| SUPPLIED DATA |
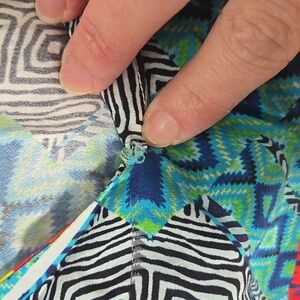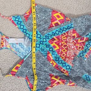 Vibrant Amanda Uprichard maxi dress with geometric and tribal patterns. Features a mix of blue, red, and yellow colors. Size small. V neck, racerback, tulip hem maxi dress. 100% silk, fabric has no stretch. Dry clean only. Elastic at waist. There is a small tear at the top of the v neck on the front of the dress. Please see photos. It is barely noticeable and looks like it would be an easy fix for someone who sews. Beautiful dress for spring, summer, resort, or even a festival.
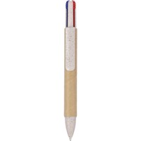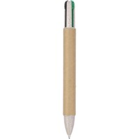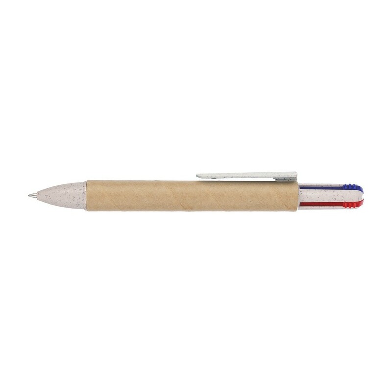 Czterokolorowy długopis, kolory wkładów: niebieski, czarny, czerwony i zielony, długość pisania 300 metrów na każdy kolor, klip ułatwiający zawieszanie na kieszeni albo okładce notatnika, produkt wykonany z kartonu pochodzącego z recyklingu i słomy pszenicznej
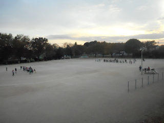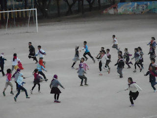 広い校庭でちゃんばらごっこです。
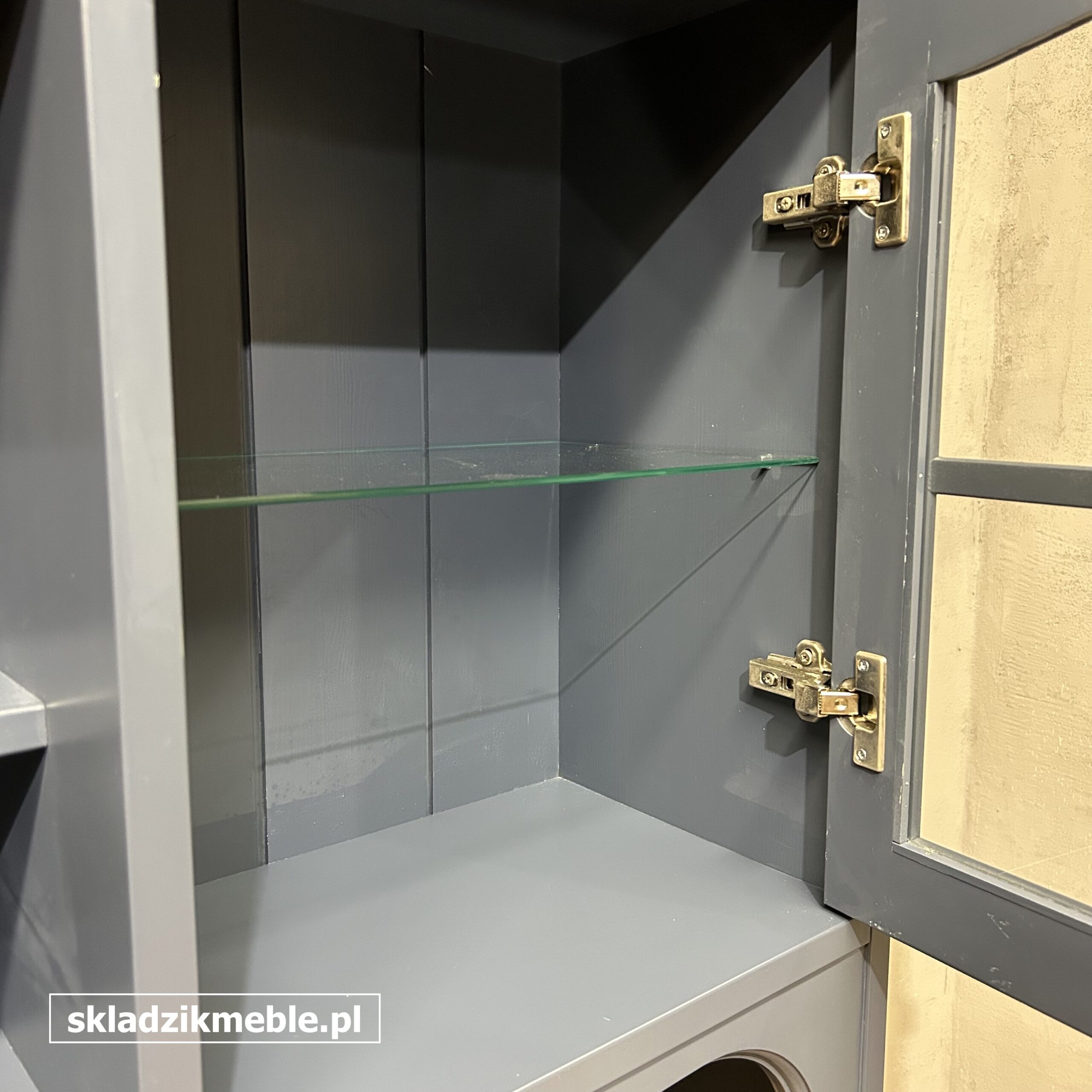 Dwie przeszklone witryny nad blatem ze szklanymi półkami wewnątrz

| WORK TO BE COMPLETED |
Restate verbatim the lines that begin at the one holding "広い校庭でちゃんばらごっこです。" and end at the last line of the material. Exclude pictures.

| TASK ANSWER |
 広い校庭でちゃんばらごっこです。
 Dwie przeszklone witryny nad blatem ze szklanymi półkami wewnątrz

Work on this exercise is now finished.